Exercise objective » Below this line is a listing that includes pictures. Copy exactly, and only, the lines from the one containing "PERSIAN BLUE SILVER" through the one containing "Elegante templo palestino"; the pictures do not go in the copy.

Available data »
'''

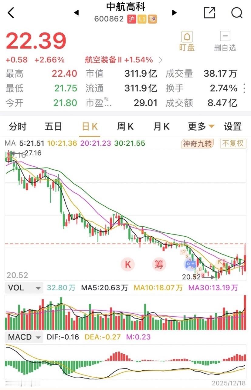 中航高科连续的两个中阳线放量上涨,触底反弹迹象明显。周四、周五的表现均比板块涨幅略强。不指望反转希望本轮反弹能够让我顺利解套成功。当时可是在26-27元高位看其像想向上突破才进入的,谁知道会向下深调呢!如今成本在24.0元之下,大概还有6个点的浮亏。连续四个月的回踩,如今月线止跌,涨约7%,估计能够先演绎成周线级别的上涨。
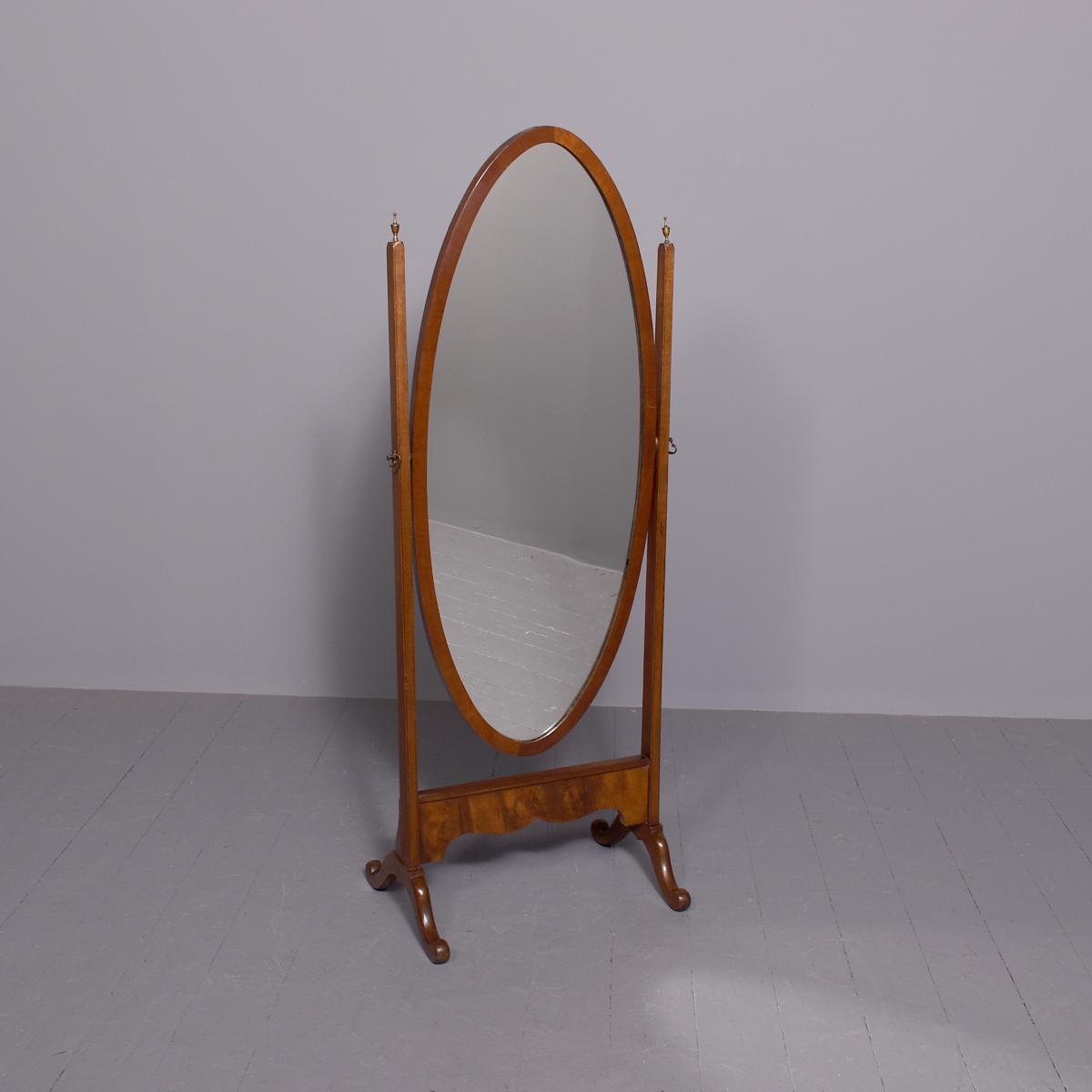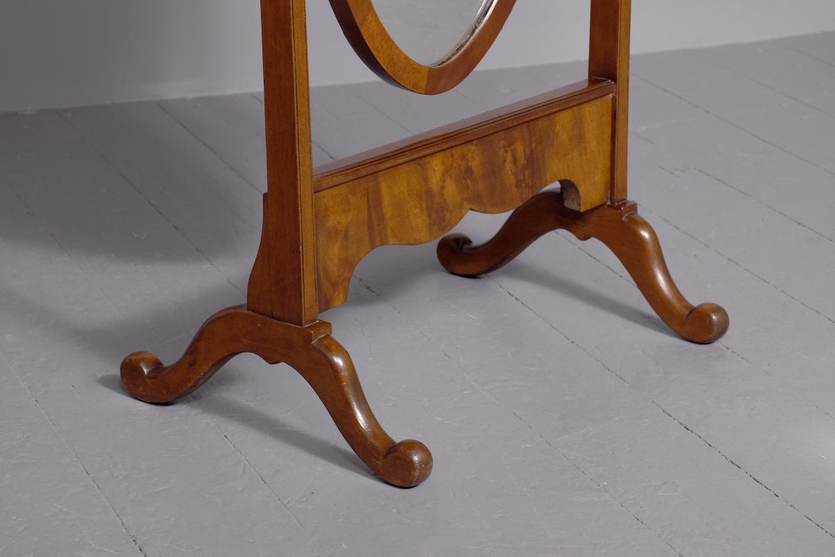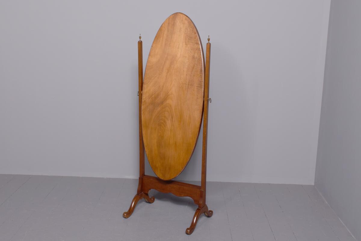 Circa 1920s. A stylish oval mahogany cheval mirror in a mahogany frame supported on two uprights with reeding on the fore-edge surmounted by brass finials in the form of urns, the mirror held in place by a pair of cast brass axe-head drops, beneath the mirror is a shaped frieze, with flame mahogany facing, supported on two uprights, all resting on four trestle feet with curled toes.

'''
'''

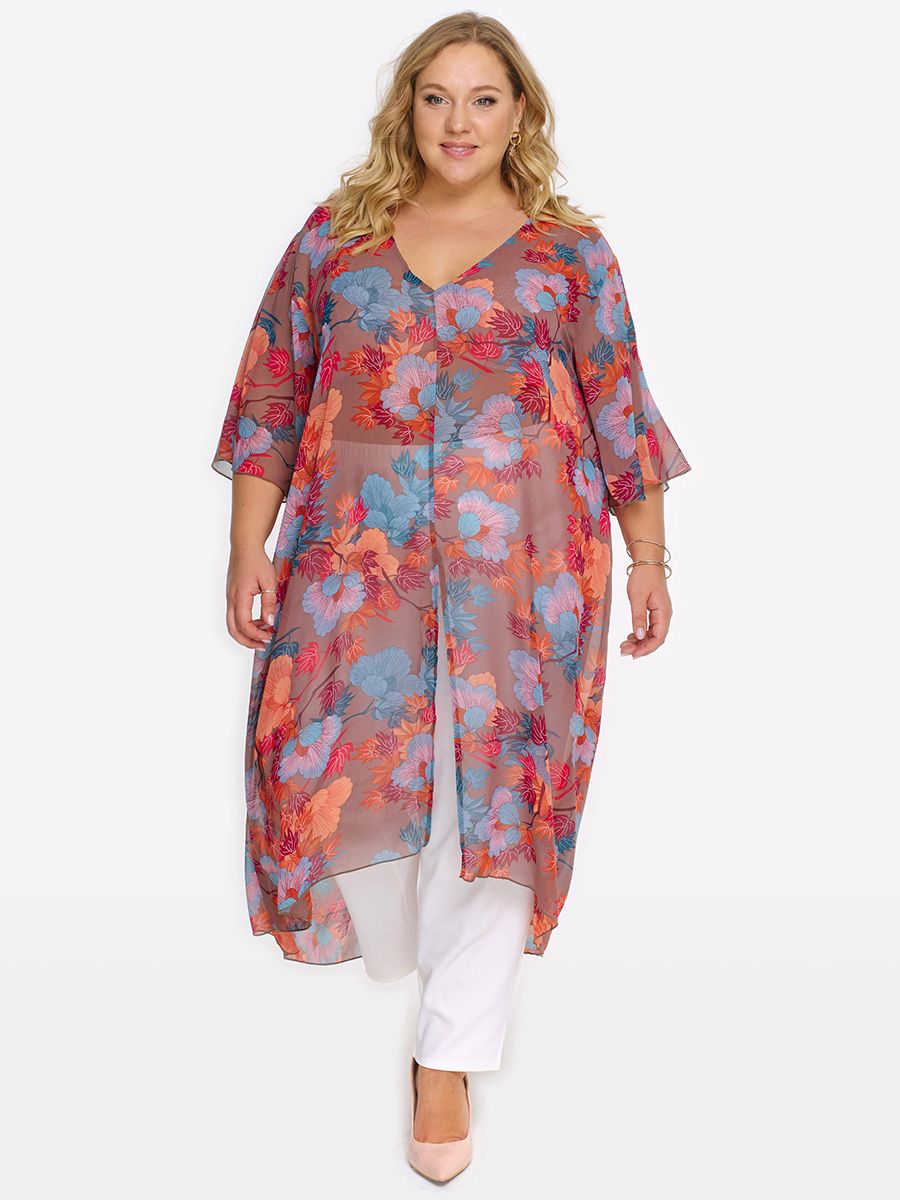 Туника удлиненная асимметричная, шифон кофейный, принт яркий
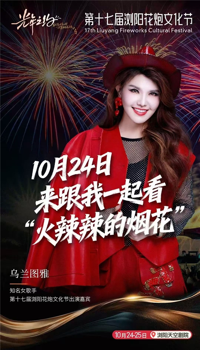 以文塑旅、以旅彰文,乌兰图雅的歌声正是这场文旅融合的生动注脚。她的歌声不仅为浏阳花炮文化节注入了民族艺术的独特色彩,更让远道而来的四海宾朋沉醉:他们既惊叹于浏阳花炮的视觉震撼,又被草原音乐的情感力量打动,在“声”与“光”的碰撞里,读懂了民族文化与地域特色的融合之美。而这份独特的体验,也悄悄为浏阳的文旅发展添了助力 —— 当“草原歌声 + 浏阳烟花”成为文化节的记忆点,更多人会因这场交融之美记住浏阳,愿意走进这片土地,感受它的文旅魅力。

'''
'''

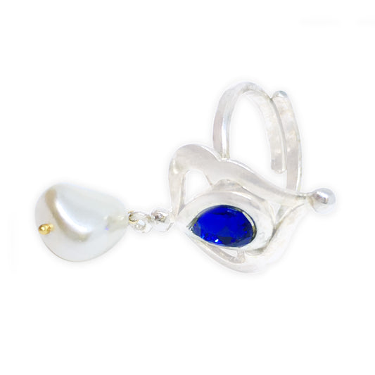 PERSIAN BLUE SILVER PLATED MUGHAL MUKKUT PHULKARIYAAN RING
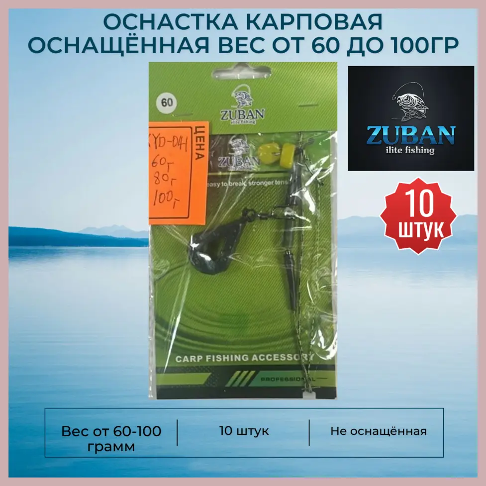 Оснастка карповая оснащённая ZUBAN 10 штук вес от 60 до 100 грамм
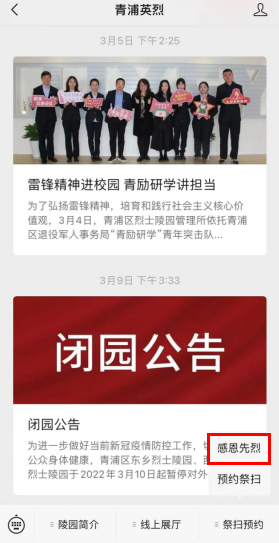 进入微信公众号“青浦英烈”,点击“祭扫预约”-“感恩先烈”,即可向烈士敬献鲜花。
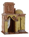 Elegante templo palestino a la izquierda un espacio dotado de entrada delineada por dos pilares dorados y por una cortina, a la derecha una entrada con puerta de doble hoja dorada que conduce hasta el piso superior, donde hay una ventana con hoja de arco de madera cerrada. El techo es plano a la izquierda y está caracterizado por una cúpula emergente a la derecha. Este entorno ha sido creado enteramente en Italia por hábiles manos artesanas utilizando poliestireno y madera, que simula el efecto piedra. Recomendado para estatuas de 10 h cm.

'''

Written solution »
 PERSIAN BLUE SILVER PLATED MUGHAL MUKKUT PHULKARIYAAN RING
 Оснастка карповая оснащённая ZUBAN 10 штук вес от 60 до 100 грамм
 进入微信公众号“青浦英烈”,点击“祭扫预约”-“感恩先烈”,即可向烈士敬献鲜花。
 Elegante templo palestino a la izquierda un espacio dotado de entrada delineada por dos pilares dorados y por una cortina, a la derecha una entrada con puerta de doble hoja dorada que conduce hasta el piso superior, donde hay una ventana con hoja de arco de madera cerrada. El techo es plano a la izquierda y está caracterizado por una cúpula emergente a la derecha. Este entorno ha sido creado enteramente en Italia por hábiles manos artesanas utilizando poliestireno y madera, que simula el efecto piedra. Recomendado para estatuas de 10 h cm.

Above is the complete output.